A pangolin carries its baby at a zoo in Bali, Indonesia. Delegates at a U.N. wildlife conference have voted to ban commercial trade in all eight species of pangolin.
Firdia Lisnawati
A pangolin carries its baby at a zoo in Bali, Indonesia. Delegates at a U.N. wildlife conference have voted to ban commercial trade in all eight species of pangolin.

Commercial trade of the pangolin, the aardvark-like mammal that is the world's most-trafficked animal, has been officially banned by the international body responsible for regulating the international trade of endangered species.
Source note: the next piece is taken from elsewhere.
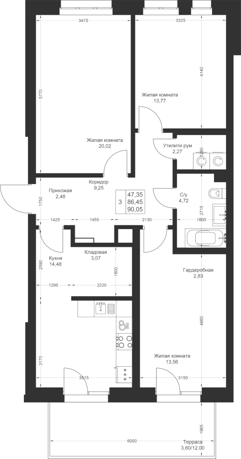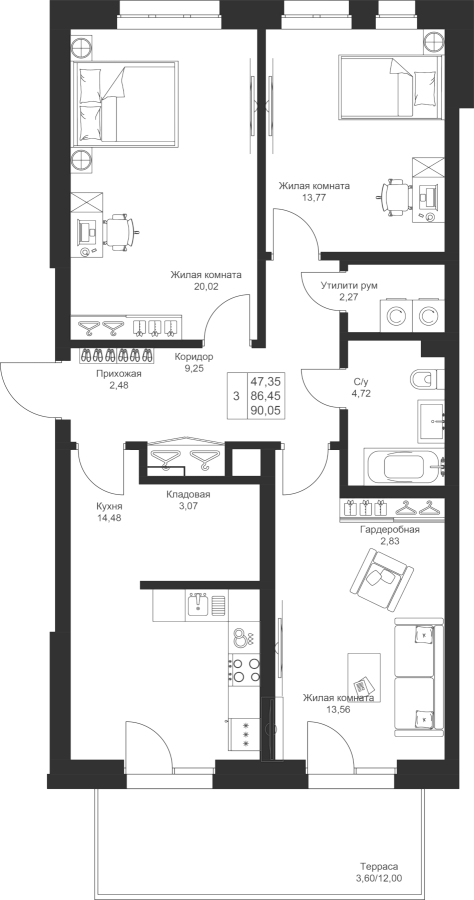 3-к квартира 90.05 м²

On Monday, delegates to a meeting in Johannesburg of the Convention on International Trade in Endangered Species of Wild Fauna and Flora (CITES) voted to approve the strictest protections available under international law — moving the pangolin into a category reserved for species "threatened with extinction."

The ban comes on the heels of a motion earlier this month by the World Conservation Congress to focus attention on the pangolin trade.

In her reporting on the animal, NPR's Jackie Northam described it this way: "The pangolin is about the size of a raccoon and looks like an artichoke with legs. Its head and body are covered with an armor of thorny scales, giving it the appearance of a reptile. When a pangolin is scared, it curls up into a tight ball."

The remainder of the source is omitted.